Conversely, the top ten heavily held stocks that saw the largest reductions in public fund allocations during the first quarter were: Zijin Mining, Industrial Bank, China Merchants Bank, Ping An Insurance, China Eastern Airlines Corporation Limited, China Yangtze Power Co., Ltd., ICBC, Tongling Nonferrous Metals Group Co., Ltd., China Petroleum & Chemical Corporation, and China Molybdenum Co., Ltd. They saw reductions of 930 million shares, 634 million shares, 477 million shares, 468 million shares, 446 million shares, 422 million shares, 291 million shares, 245 million shares, 220 million shares, and 219 million shares, respectively. It is evident that the stocks facing significant selling were primarily concentrated in the nonferrous metals and large financial sectors.

Regarding selling details, the top five funds reducing Zijin Mining holdings were ChinaAMC SSE 50 ETF, Huatai-PineBridge SSE 300 ETF, E Fund CSI 300 ETF, and Harvest CSI 300 ETF. Among active equity funds, Gao Nan's Yongying Ruixin made the largest reduction and no longer held a significant position by the end of the quarter. Additionally, products managed by Jiao Wei (Yinhua Affluent Theme), Xiao Nan (E Fund High Quality Strict Selection Three Years), and Wang Xiaochen (E Fund Yuxiang Return) also exited their significant positions after first-quarter selling.

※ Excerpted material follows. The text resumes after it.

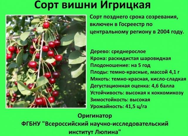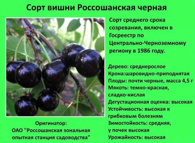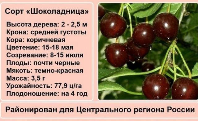 Antracita | Mediados de Julio | Hasta 18 kg por árbol | Promedio | Resistencia al invierno - buena, resistencia a la sequía - mediocre | Parcialmente autofértil | Noche, Vladimirskaya, Shubinka, Chica de chocolate, Lyubskaya |

After the reductions, Yang Dong's GF Multi-Factor no longer held a significant position in Industrial Bank by the end of the first quarter. Li Xiaoxing's Yinhua Xinxiang One Year and Sheng Fengyan's Western Lead Central Enterprise Preferred no longer held significant positions in China Merchants Bank. Products managed by Jiao Wei (Yinhua Affluent Theme), Ruiyuan Balanced Value Three Years, Yang Dong (GF Value Leader One Year), and Rao Gang (Ruiyuan Stable Configuration Two Years) no longer held significant positions in Ping An Insurance. Yang Dong's GF Multi-Factor, Cui Chenglong's Foreasea Open-end Public Utilities, Han Chuang's Dacheng New Sharp Industry, Yang Dong's GF均衡成长, and Ge Lan's China Europe明睿新起点 no longer held significant positions in China Eastern Airlines.